Escribe Karina Miñano
Hace unos días regresé del primer Festival Internacional de Poesía de Casablanca, y aún no logro desembarcar por completo. No por el viaje en sí, ni por el cansancio, sino porque mi cuerpo sigue vibrando con esas voces que allí se alzaron, con los gestos, los silencios y los versos que cruzaron el aire como pájaros de múltiples plumajes. Vengo de estar siete días en un territorio donde la poesía fue el idioma en común, aunque viniera envuelta en lenguas que no comprendo. Y a pesar de ello, la entendí. Porque algo se abre cuando un poema es verdadero: llega antes que las palabras. O quizás, más allá de ellas.
Me invitaron a representar al Perú en este encuentro. Había poetas de Marruecos, Túnez, Estados Unidos, Iraq, Dubái, Siria, Indonesia, India, Kuwait, Egipto, Arabia Saudita, Australia, Países Bajos y Perú. Poemas escritos originalmente en inglés, neerlandés, indonesio y español fueron traducidos al árabe. En mi caso, dos poetas marroquíes, Fadwa Al-Zayani e Imane El Khattabi cuyas voces se quedaron conmigo, leyeron mis poemas en árabe. No entendí ni una sola palabra de su lectura, pero me emocioné. ¿Por qué?

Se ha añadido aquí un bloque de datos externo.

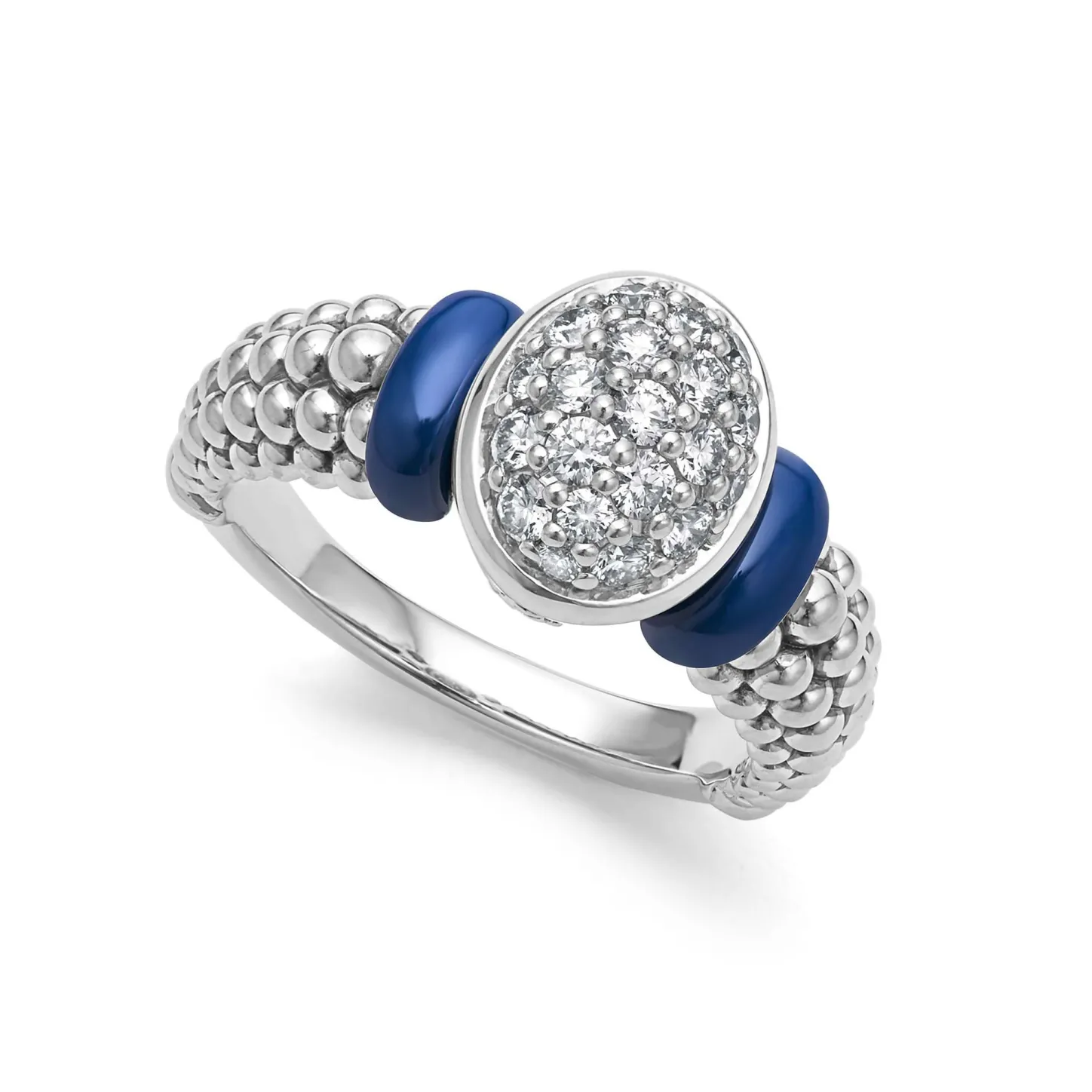 Online Oval Ceramic Caviar Diamond Ring Silver
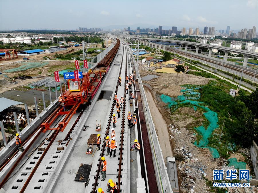6月28日,工人在连徐高铁连云港站铺轨现场作业(无人机照片)。 新华社发(王春 摄)
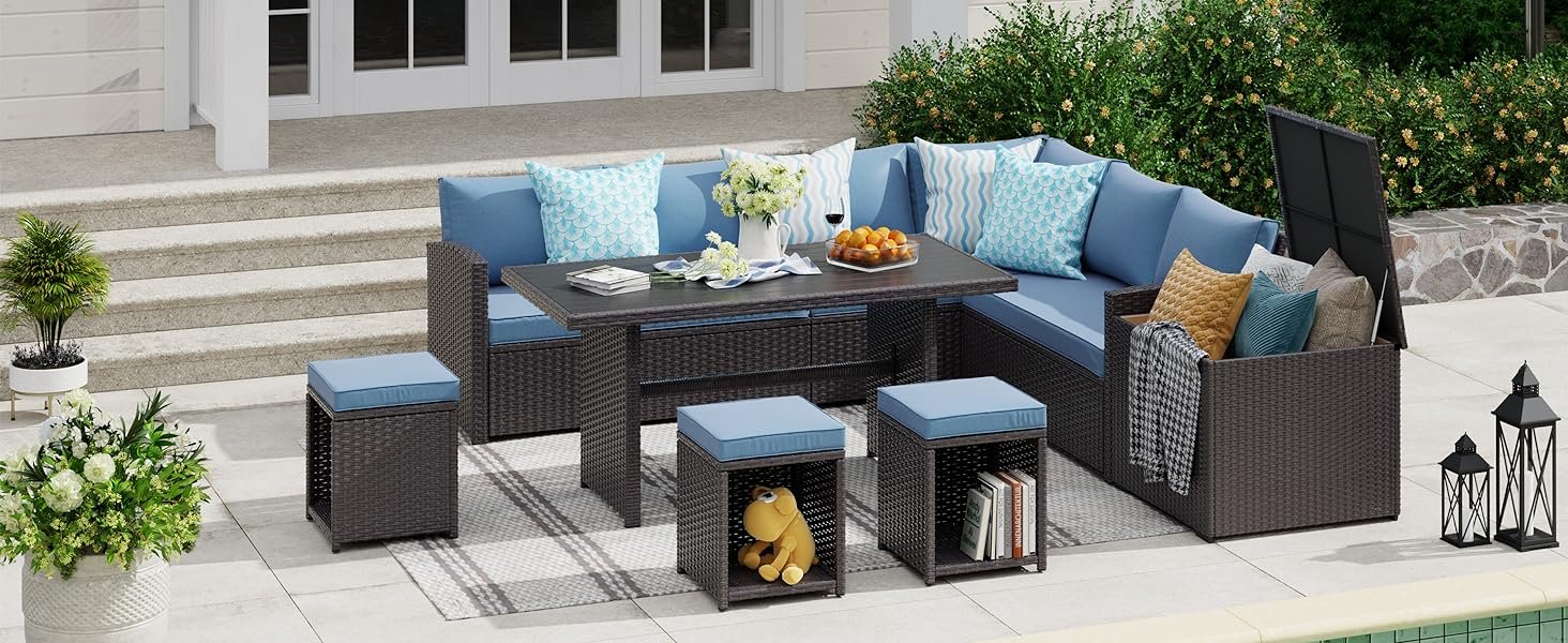 - Durable & Beautiful The layout of 7-pc. outdoor sectional sofa sets are suitable for any outdoor space. Fashionable rattan and modern design may attract everyone’s attention and the sturdy construction will make this piece a favorite of yours. Come to create a wonderful and luxurious outdoor living space for you and your significant others.
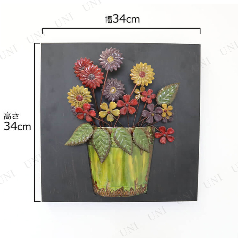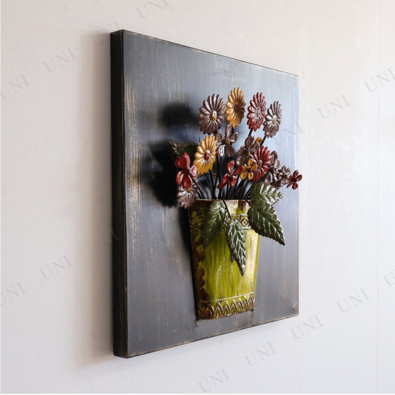 アンティーク調の壁掛けパネル。スクエア型の小さめで飾りやすいサイズ。色々なカラーが混ざった花と花瓶をモチーフにしています。擦れのあるハンドメイトの風合いで落ち着いた雰囲気

Porque creo que la poesía bien dicha, con el cuerpo, con el aliento, con la música interna de quien la encarna, llega sin pasaporte.
El festival fue organizado por los poetas Mohammad Al Amin (Iraq, residente en Países Bajos), Abdul Rahim AlKhasar y el escritor Abdelrahman Chakib (Marruecos), y tuvo como propósito crear puentes entre culturas a través de la palabra poética. Durante la inauguración en el hotel Gran Mogador se rindió homenaje al reconocido poeta marroquí Mohamed Aniba El Hamri quien falleció hace seis meses. En esos días compartimos historias, nos aplaudimos, comimos juntos, recorrimos la ciudad y cultivamos nuevas amistades. Pero, sobre todo, se respiraba poesía en todos lados.

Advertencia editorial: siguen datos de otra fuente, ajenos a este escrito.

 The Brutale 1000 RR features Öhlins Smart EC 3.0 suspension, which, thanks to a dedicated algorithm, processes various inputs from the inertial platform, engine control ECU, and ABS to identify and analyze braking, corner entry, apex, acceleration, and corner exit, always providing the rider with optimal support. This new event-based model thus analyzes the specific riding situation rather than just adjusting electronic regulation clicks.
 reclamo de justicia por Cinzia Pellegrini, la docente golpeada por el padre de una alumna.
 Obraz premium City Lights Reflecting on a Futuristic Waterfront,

Luego, muchas preguntas me acompañaron en el viaje de regreso: ¿qué papel cumple la traducción en la poesía, si es que el poema puede llegar incluso sin ser comprendido en su idioma original? ¿Qué se traduce cuando se traduce poesía? ¿Y qué se pierde?
Mucho se ha dicho sobre la traición implícita en toda traducción. Lo dijo el escritor y filósofo Umberto Eco: «traducir significa siempre limar algunas de las consecuencias que el término original implicaba. En este sentido, al traducir, no se dice nunca lo mismo.». Ese parecido no es simple. El poeta-traductor camina por la cuerda floja: debe ser fiel sin ser esclavo, creativo sin apropiarse, humilde para no borrar la voz ajena y audaz para darle vida en otro idioma.

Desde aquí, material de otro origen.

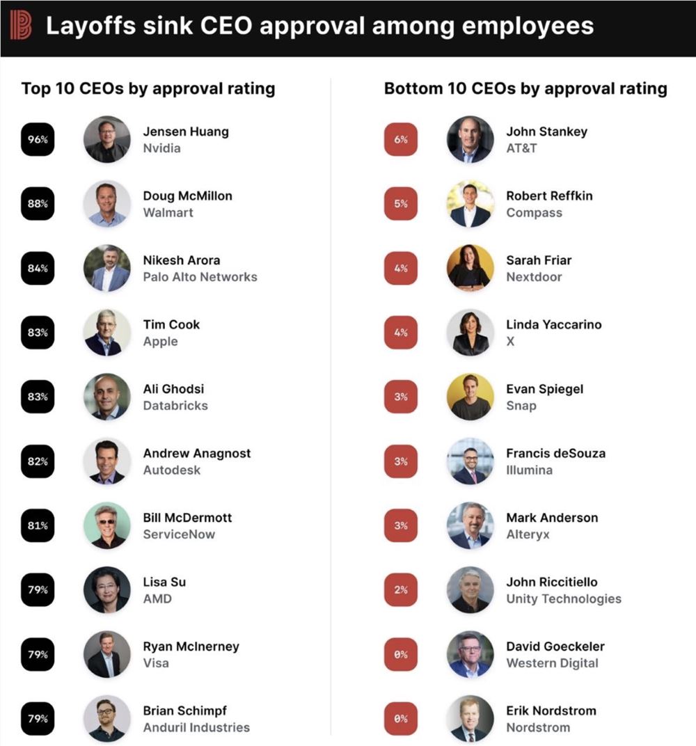 有最差的,就有最好的。英伟达凭借人工智能浪潮一飞冲天,市值突破1万亿美元,其CEO黄仁勋也得到了员工们的大力支持。Blind的2023CEO支持率指数显示,黄仁勋的支持率高达96%,是唯一一位突破90%的CEO。作为对比,今年CEO的平均支持率为32%。
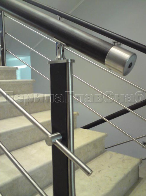 Четыре ригеля на держателях, квадратный деревянный поручень и квадратные стойки
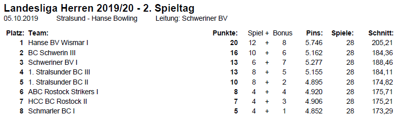 (UP) Am Sonnabend, den 05.10.2019 fand der zweite Spieltag der Landesliga im Bowling der Herren statt. Unsere Mannschaft musste leicht Ersatzgeschwächt ohne den fünften Stammspieler eine lange Reise zum Hanse-Bowlingcenter Stralsund antreten und die Erwartungen waren nicht allzu hoch!
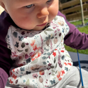 Couleur de biais jersey recommandée : Violet chiné – Brique – Bleu poudre bio – Sauge bioVert clairBleu fonçé chinéÉcru

Yo no pude revisar la traducción al árabe hecha a mis poemas. No supe si eligieron la metáfora precisa o si lograron mantener el ritmo contenido del verso. Pero cuando escuché la lectura, algo en mí se estremeció. La voz de Fadwa, y luego la de Imane, alzó mi poema «Y te vas» como si hubiera nacido en su garganta. Fue entonces que comprendí una verdad elemental: a veces, la traducción es también encarnación.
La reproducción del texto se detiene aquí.